=== DATASET ENTRIES ===

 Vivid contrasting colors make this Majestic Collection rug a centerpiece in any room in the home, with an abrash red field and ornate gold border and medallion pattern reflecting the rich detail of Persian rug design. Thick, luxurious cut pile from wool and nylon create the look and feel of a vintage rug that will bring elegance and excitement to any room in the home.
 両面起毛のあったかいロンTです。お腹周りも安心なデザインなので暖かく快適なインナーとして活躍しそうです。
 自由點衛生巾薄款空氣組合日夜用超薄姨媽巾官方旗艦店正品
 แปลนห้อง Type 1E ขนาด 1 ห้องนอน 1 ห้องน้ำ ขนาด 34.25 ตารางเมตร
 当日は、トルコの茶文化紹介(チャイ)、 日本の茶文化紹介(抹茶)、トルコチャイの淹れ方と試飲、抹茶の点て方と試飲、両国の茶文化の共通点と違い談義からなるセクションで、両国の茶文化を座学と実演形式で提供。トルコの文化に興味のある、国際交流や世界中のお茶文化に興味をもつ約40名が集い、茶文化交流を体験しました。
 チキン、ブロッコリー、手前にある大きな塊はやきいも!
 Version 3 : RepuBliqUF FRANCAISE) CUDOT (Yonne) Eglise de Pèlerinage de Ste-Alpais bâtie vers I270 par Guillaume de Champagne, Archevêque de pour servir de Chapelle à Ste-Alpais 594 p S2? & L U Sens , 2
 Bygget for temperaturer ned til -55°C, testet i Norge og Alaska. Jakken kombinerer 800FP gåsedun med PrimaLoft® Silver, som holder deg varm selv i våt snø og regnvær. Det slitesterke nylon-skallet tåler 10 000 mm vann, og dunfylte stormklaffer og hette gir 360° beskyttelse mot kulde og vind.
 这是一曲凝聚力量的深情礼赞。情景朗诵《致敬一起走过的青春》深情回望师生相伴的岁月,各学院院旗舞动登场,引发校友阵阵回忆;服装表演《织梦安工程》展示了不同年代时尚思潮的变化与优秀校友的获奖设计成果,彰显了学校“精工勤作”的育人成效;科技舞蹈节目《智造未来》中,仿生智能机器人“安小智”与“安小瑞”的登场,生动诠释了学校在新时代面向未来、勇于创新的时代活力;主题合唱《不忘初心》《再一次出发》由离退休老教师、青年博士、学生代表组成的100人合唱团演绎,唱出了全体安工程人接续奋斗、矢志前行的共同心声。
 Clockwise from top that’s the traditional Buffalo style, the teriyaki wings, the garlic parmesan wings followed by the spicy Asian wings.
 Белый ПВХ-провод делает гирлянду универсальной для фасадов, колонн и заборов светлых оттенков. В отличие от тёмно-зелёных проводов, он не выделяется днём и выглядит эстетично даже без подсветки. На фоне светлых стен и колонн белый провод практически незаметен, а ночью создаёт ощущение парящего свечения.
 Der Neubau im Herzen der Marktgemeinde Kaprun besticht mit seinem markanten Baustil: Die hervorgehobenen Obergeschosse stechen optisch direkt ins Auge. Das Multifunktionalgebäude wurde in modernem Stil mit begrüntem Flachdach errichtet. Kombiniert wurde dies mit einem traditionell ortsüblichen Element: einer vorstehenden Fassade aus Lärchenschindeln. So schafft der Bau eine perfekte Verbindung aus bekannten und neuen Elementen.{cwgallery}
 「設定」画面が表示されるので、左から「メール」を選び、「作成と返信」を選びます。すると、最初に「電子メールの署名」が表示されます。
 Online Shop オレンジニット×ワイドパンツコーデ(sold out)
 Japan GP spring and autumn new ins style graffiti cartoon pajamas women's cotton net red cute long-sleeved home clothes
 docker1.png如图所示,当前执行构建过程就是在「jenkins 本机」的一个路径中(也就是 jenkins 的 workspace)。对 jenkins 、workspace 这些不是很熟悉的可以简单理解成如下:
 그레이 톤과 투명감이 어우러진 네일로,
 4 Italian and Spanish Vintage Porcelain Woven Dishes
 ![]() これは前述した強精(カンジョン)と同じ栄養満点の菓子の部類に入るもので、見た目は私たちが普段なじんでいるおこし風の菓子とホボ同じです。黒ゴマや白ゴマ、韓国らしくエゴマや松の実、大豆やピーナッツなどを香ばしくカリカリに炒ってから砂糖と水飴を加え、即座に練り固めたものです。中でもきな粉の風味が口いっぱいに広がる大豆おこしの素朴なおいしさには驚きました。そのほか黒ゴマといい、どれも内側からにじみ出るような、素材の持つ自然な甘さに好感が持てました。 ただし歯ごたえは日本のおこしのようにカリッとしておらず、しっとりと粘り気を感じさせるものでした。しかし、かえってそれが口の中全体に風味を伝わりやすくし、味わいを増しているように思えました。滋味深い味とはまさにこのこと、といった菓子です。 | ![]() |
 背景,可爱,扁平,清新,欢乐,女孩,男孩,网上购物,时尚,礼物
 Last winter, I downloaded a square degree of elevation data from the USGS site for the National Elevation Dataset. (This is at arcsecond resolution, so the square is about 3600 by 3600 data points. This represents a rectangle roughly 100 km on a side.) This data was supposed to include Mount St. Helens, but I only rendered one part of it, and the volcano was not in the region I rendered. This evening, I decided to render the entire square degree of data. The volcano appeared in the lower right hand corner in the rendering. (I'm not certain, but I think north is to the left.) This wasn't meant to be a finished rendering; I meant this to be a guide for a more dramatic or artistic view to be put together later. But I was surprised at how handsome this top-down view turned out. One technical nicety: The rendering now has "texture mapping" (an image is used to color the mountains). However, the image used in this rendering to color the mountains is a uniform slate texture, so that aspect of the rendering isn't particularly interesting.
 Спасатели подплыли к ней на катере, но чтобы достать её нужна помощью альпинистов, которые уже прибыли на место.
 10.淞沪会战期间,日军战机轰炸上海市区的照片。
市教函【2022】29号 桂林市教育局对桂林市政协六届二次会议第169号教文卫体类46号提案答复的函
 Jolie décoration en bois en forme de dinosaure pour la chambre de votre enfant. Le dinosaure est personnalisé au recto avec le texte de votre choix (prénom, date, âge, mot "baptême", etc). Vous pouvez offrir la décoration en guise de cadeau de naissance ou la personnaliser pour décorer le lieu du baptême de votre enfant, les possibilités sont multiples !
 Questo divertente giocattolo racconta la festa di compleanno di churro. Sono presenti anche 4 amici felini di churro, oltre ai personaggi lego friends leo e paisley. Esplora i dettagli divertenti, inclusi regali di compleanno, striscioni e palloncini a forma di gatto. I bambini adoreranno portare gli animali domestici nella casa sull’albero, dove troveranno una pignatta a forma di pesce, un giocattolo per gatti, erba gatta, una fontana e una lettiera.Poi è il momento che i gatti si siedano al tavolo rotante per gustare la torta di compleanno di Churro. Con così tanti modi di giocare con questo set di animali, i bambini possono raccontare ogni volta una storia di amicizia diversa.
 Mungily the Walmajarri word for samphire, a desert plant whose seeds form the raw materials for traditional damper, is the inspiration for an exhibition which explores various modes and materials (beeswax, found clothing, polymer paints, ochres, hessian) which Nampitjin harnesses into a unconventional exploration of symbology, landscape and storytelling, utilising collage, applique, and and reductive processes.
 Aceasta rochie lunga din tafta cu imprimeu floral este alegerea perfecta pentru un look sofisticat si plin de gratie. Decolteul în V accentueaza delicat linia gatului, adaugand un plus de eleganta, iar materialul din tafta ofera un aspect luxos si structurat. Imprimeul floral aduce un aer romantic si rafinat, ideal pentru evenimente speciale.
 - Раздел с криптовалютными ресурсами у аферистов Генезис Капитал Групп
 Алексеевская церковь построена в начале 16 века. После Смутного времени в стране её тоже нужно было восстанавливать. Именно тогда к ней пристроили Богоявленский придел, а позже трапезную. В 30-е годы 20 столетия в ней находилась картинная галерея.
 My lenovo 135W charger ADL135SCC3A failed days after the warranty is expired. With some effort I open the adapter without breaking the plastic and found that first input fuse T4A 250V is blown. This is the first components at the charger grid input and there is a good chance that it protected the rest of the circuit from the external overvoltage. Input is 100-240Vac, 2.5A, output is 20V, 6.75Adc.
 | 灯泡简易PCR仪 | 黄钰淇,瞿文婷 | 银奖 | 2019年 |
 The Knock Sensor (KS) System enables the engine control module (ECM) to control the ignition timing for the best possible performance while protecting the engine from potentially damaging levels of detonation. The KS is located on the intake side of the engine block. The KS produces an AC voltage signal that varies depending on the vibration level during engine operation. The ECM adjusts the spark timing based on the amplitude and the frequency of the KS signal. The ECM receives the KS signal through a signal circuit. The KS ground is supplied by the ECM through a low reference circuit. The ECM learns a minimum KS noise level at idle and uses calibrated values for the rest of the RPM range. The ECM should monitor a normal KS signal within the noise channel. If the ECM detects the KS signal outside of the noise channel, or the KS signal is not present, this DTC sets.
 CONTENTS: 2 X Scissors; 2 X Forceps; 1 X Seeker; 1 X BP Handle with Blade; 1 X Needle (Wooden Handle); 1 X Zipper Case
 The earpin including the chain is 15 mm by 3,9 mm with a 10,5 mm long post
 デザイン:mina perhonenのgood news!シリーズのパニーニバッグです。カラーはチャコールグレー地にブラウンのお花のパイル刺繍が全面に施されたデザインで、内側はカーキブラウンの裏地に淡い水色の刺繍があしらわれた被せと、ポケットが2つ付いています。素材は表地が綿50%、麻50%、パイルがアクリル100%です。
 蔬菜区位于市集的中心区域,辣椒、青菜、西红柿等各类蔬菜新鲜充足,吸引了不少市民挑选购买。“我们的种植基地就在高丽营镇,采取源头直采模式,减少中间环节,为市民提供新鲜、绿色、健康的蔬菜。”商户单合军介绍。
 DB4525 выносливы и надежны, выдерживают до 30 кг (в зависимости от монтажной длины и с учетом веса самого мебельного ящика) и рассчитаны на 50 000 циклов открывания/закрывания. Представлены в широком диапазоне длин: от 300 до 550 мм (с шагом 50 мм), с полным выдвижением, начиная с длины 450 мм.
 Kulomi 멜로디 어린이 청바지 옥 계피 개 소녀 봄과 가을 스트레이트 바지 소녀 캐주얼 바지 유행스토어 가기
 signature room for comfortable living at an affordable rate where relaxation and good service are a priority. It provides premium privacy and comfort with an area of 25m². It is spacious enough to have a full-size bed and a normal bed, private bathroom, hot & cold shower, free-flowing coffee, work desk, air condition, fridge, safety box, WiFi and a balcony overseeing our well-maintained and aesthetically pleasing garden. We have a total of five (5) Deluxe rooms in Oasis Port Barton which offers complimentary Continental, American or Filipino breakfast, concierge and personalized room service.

===

TASK GOAL: Each line containing the word "long" needs to be copied from the data above.

RESPONSE TO THIS EXERCISE:
 Japan GP spring and autumn new ins style graffiti cartoon pajamas women's cotton net red cute long-sleeved home clothes
 The earpin including the chain is 15 mm by 3,9 mm with a 10,5 mm long post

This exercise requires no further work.